As far as sub-queries, the only examples I can think of right now are times where the key was compound and it slowed down processing and made the query verbose to include it all. What SQL engines usually do it assign an internal surrogate key, a kind of "row ID" per above. I simply took advantage of that feature to avoid carrying around the baggage of the compound key into the rest of the query. In other words, the query engine or RDBMS provides a de-facto surrogate key, and I took advantage of it without having to actually see it. (For this reason, SQL RDBMS are not really
BagAtational after all, as described above.)

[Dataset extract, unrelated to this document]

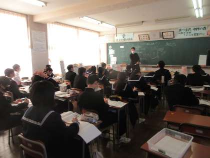2−1理科、2−3社会、2−4英語の授業です。 先日の休み明けテストの解説等を行いました。

Another case is where the table is controlled by another party and they didn't include a proper key. My stuff can only read it. It is somewhat similar to the logging example above. I couldn't practically say, "You've committed a relational sin, and therefore I won't do business with you." If people get word that Rel DB's don't play well with the existing world, they will fail.

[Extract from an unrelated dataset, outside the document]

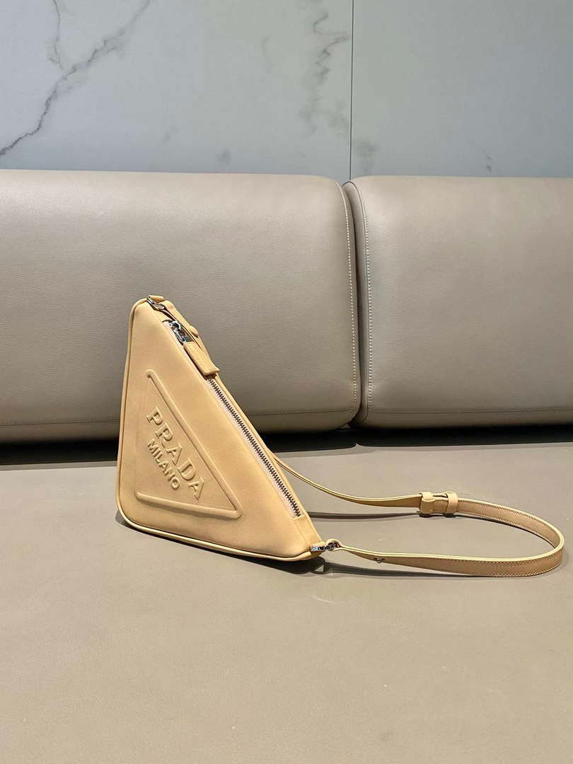 Prada 1NQ043 Triangle leather pouch Apricot on sale now.

{RelationalDatabase will work fine with the existing world. If someone provided data with duplicates, of course you'd need to reformat it for relational: either remove the duplicates, or add a row number. Formatting data to make it consumable by your database should be nothing new to you, TopMind. Would you condemn SQL as being unsuitable for the existing world because sometimes you need to format input data? No? Well then why engage in hypocrisy by attempting to condemn true relational for the same reason?}
But you are making the task harder by being personally obsessed with purity.
{If I provide you data in XML, do you claim that dumping the data into 'tables' is "making the task harder by being personally obsessed with tables"? Or are you just being a hypocrite at the moment?}
I don't see your example as equivalent. It's apples to oranges. It's not about which base tools we use, but about the features of them. Due to real world situations AND compatibility with existing RDBMS, it appears rational to accept the option of semi-bag tables until the point where clear downsides are shown. I don't want to give up useful features become some people are baggophobics or puriphiles.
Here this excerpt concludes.